> _Task goal_: Without any omission, reproduce the records that follow.

> _Listed records_:

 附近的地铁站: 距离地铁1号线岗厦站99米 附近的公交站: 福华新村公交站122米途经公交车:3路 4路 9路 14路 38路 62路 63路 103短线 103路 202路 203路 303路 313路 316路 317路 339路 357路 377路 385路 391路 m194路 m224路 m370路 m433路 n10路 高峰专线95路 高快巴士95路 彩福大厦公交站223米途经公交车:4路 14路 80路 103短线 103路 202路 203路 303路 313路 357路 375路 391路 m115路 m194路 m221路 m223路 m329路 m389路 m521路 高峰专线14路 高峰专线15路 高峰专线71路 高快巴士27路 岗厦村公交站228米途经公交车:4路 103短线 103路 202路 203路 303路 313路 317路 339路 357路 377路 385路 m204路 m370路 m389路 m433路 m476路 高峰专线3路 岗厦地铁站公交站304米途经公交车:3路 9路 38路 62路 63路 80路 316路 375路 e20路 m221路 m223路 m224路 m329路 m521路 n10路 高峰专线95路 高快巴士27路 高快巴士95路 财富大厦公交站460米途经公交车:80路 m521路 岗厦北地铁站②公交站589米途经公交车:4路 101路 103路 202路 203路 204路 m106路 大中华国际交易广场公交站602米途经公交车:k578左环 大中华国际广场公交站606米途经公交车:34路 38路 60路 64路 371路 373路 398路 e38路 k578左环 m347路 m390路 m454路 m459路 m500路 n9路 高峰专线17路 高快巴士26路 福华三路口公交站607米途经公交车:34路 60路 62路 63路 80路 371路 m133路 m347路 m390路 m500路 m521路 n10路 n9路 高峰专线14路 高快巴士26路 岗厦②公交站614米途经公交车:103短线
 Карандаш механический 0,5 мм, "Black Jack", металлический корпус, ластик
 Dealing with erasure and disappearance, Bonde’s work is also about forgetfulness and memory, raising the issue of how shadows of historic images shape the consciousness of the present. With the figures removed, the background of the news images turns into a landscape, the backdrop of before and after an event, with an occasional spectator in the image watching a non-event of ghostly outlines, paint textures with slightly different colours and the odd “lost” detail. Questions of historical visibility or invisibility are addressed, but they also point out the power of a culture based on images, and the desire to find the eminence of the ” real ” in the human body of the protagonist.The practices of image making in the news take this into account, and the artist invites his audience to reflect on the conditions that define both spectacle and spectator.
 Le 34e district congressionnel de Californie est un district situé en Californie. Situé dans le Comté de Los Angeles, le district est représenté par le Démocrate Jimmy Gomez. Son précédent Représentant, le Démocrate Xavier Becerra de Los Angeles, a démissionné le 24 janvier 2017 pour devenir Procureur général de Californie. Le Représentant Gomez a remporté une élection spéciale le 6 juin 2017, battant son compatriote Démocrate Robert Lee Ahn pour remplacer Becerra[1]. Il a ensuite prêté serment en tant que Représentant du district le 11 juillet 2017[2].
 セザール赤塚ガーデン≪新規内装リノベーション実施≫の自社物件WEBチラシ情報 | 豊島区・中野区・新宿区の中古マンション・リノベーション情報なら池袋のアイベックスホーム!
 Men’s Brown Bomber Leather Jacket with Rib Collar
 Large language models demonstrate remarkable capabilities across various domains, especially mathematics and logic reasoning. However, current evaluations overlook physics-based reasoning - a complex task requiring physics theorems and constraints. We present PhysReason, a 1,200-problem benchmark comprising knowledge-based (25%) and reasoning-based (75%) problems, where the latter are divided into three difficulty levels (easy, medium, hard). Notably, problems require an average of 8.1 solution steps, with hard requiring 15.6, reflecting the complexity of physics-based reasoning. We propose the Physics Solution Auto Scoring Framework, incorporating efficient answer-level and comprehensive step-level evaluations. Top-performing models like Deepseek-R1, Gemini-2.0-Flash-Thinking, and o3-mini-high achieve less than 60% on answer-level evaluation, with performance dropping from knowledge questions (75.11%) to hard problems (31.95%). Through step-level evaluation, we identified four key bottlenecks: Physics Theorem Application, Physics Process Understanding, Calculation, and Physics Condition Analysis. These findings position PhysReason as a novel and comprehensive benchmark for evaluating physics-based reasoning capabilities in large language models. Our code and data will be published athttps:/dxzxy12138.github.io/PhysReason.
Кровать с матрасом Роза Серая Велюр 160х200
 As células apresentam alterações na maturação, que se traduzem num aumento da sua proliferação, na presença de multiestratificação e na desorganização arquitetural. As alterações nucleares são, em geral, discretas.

> _Result for this task_:
 附近的地铁站: 距离地铁1号线岗厦站99米 附近的公交站: 福华新村公交站122米途经公交车:3路 4路 9路 14路 38路 62路 63路 103短线 103路 202路 203路 303路 313路 316路 317路 339路 357路 377路 385路 391路 m194路 m224路 m370路 m433路 n10路 高峰专线95路 高快巴士95路 彩福大厦公交站223米途经公交车:4路 14路 80路 103短线 103路 202路 203路 303路 313路 357路 375路 391路 m115路 m194路 m221路 m223路 m329路 m389路 m521路 高峰专线14路 高峰专线15路 高峰专线71路 高快巴士27路 岗厦村公交站228米途经公交车:4路 103短线 103路 202路 203路 303路 313路 317路 339路 357路 377路 385路 m204路 m370路 m389路 m433路 m476路 高峰专线3路 岗厦地铁站公交站304米途经公交车:3路 9路 38路 62路 63路 80路 316路 375路 e20路 m221路 m223路 m224路 m329路 m521路 n10路 高峰专线95路 高快巴士27路 高快巴士95路 财富大厦公交站460米途经公交车:80路 m521路 岗厦北地铁站②公交站589米途经公交车:4路 101路 103路 202路 203路 204路 m106路 大中华国际交易广场公交站602米途经公交车:k578左环 大中华国际广场公交站606米途经公交车:34路 38路 60路 64路 371路 373路 398路 e38路 k578左环 m347路 m390路 m454路 m459路 m500路 n9路 高峰专线17路 高快巴士26路 福华三路口公交站607米途经公交车:34路 60路 62路 63路 80路 371路 m133路 m347路 m390路 m500路 m521路 n10路 n9路 高峰专线14路 高快巴士26路 岗厦②公交站614米途经公交车:103短线
 Карандаш механический 0,5 мм, "Black Jack", металлический корпус, ластик
 Dealing with erasure and disappearance, Bonde’s work is also about forgetfulness and memory, raising the issue of how shadows of historic images shape the consciousness of the present. With the figures removed, the background of the news images turns into a landscape, the backdrop of before and after an event, with an occasional spectator in the image watching a non-event of ghostly outlines, paint textures with slightly different colours and the odd “lost” detail. Questions of historical visibility or invisibility are addressed, but they also point out the power of a culture based on images, and the desire to find the eminence of the ” real ” in the human body of the protagonist.The practices of image making in the news take this into account, and the artist invites his audience to reflect on the conditions that define both spectacle and spectator.
 Le 34e district congressionnel de Californie est un district situé en Californie. Situé dans le Comté de Los Angeles, le district est représenté par le Démocrate Jimmy Gomez. Son précédent Représentant, le Démocrate Xavier Becerra de Los Angeles, a démissionné le 24 janvier 2017 pour devenir Procureur général de Californie. Le Représentant Gomez a remporté une élection spéciale le 6 juin 2017, battant son compatriote Démocrate Robert Lee Ahn pour remplacer Becerra[1]. Il a ensuite prêté serment en tant que Représentant du district le 11 juillet 2017[2].
 セザール赤塚ガーデン≪新規内装リノベーション実施≫の自社物件WEBチラシ情報 | 豊島区・中野区・新宿区の中古マンション・リノベーション情報なら池袋のアイベックスホーム!
 Men’s Brown Bomber Leather Jacket with Rib Collar
 Large language models demonstrate remarkable capabilities across various domains, especially mathematics and logic reasoning. However, current evaluations overlook physics-based reasoning - a complex task requiring physics theorems and constraints. We present PhysReason, a 1,200-problem benchmark comprising knowledge-based (25%) and reasoning-based (75%) problems, where the latter are divided into three difficulty levels (easy, medium, hard). Notably, problems require an average of 8.1 solution steps, with hard requiring 15.6, reflecting the complexity of physics-based reasoning. We propose the Physics Solution Auto Scoring Framework, incorporating efficient answer-level and comprehensive step-level evaluations. Top-performing models like Deepseek-R1, Gemini-2.0-Flash-Thinking, and o3-mini-high achieve less than 60% on answer-level evaluation, with performance dropping from knowledge questions (75.11%) to hard problems (31.95%). Through step-level evaluation, we identified four key bottlenecks: Physics Theorem Application, Physics Process Understanding, Calculation, and Physics Condition Analysis. These findings position PhysReason as a novel and comprehensive benchmark for evaluating physics-based reasoning capabilities in large language models. Our code and data will be published athttps:/dxzxy12138.github.io/PhysReason.
Кровать с матрасом Роза Серая Велюр 160х200
 As células apresentam alterações na maturação, que se traduzem num aumento da sua proliferação, na presença de multiestratificação e na desorganização arquitetural. As alterações nucleares são, em geral, discretas.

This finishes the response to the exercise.